Czechoslovak Society of Arts and Sciences, Inc.
- Abbreviation: SVU
- Predecessor: Czechoslovak Society of Arts and Sciences in America
- Formation: October 24, 1958; 67 years ago
- Founder: Jaroslav Němec
- Founded at: Washington, D.C.
- Tax ID no.: EIN #11-6035624
- Registration no.: 783908
- Headquarters: Washington, D.C.
- Website: www.svu2000.org

= Czechoslovak Society of Arts and Sciences =

International non-profitable organization

Czechoslovak Society of Arts and Sciences, known as Czechoslovak Society of Arts and Sciences in America until 1978, is an international non-profit organization with the aim to connect people with interest in Czech and Slovak intellectual contributions all around the world, supporting cooperation in culture, sciences, and education.

The society was founded in Washington DC in 1958 on the basis of the Washington DC local chapter of the Czechoslovak National Council of America (headquartered in Chicago), by Dr. Jaroslav Němec, a lawyer and exiled chief military prosecutor, with significant support from Vlasta Vraz, president of the Czechoslovak National Council of America.

In the years 1961–1978, the society was registered as Czechoslovak Society of Arts and Sciences in America in the New York State. In November 1978, the society's head office was incorporated in the nation's capital Washington DC, where it was incepted. In November 1978, also the society's official name was changed - it was shortened to Czechoslovak Society of Arts and Sciences, to reflect its international character and new local chapters being created also outside of the United States.

All operations of this organization are carried out by unpaid volunteers.

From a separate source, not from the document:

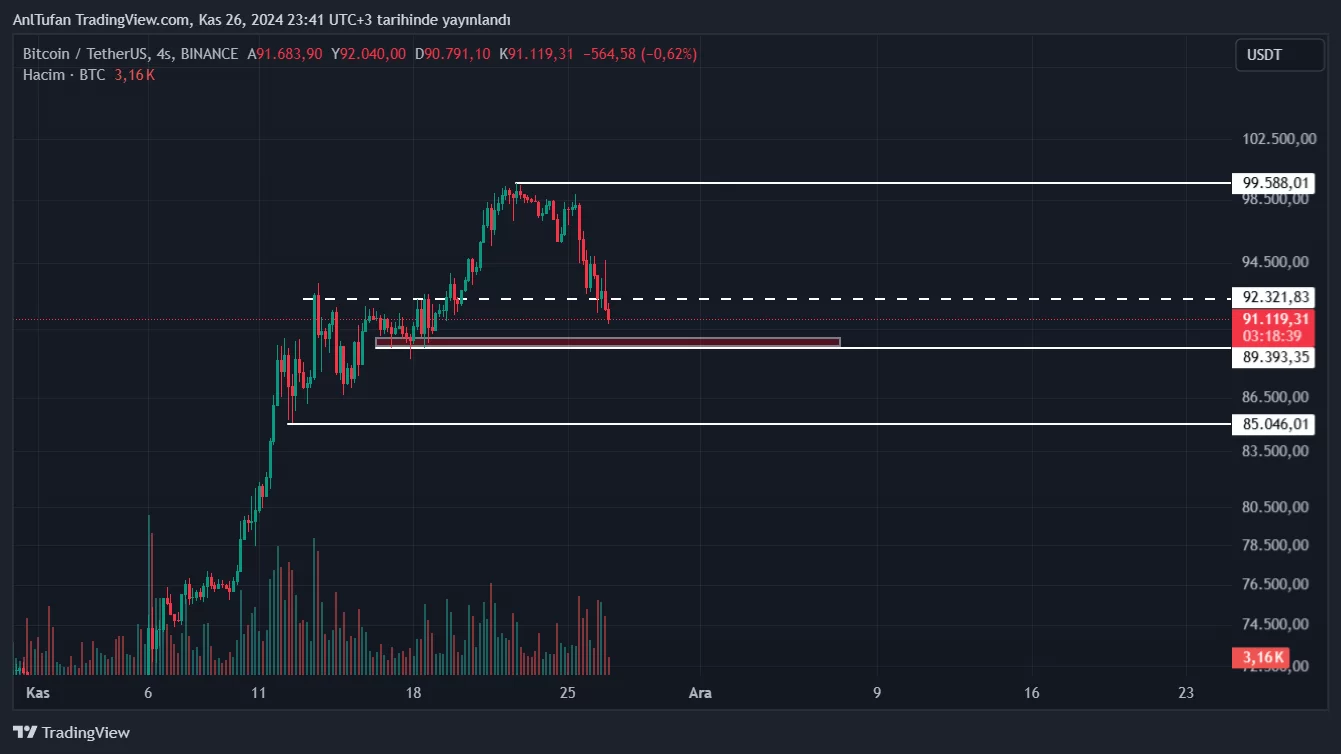 Bu desteğin kırıldığı kötü senaryoyu göz önüne aldığımızda ise karşımıza 85 bin dolar desteği çıkıyor. BTC 89 bin – 92 bin dolar destek bölgesini kaybetmesi durumunda 85 bin dolar desteğinden güç bulacaktır.

From its inception, the society has been independent and non-partisan.

==Founding personalities==

Jaroslav Němec convinced world-renowned mathematician Václav Hlavatý to become the first president of the society. Němec became its first secretary general. In the years 1968–1970, Němec served as the society's president and in 1980–1985, he also edited the society's newsletter SVU NEWS / ZPRÁVY SVU.

In the beginning, Němec was also able to get support for the project of creating this Society among known artists and writers: Jarmila Novotná, Rafael Kubelík, Rudolf Firkušný, Ladislav Radimský, and others. Among politicians, he got Ladislav Feierabend, Juraj Slávik, Jozef Lettrich, Arnošt Heidrich, Štefan Osuský. Among the founding members there were also Joseph Hašek (father of Eliska Haskova Coolidge) and Francis Schwarzenberg.

==Society's periodicals==

The society publishes a quarterly newsletter SVU NEWS/ ZPRÁVY, and an English scholarly journal KOSMAS.

During the communist era in Czechoslovakia, the society published a Czech language and Slovak language literary and humanistic periodical: PROMĚNY - PREMENY/ METAMORPHOSES for nearly thirty years, which included articles by forbidden authors.

==Conferences==

The society held its First World Congress in Washington, D.C. in 1962. Since then, every even year, the society has convened a world congress. The program includes presentations of scholarly papers, discussion panels, concerts, artistic exhibits and social events. The society has established the practice of convening specialized conferences every other year, usually in between the World Congresses.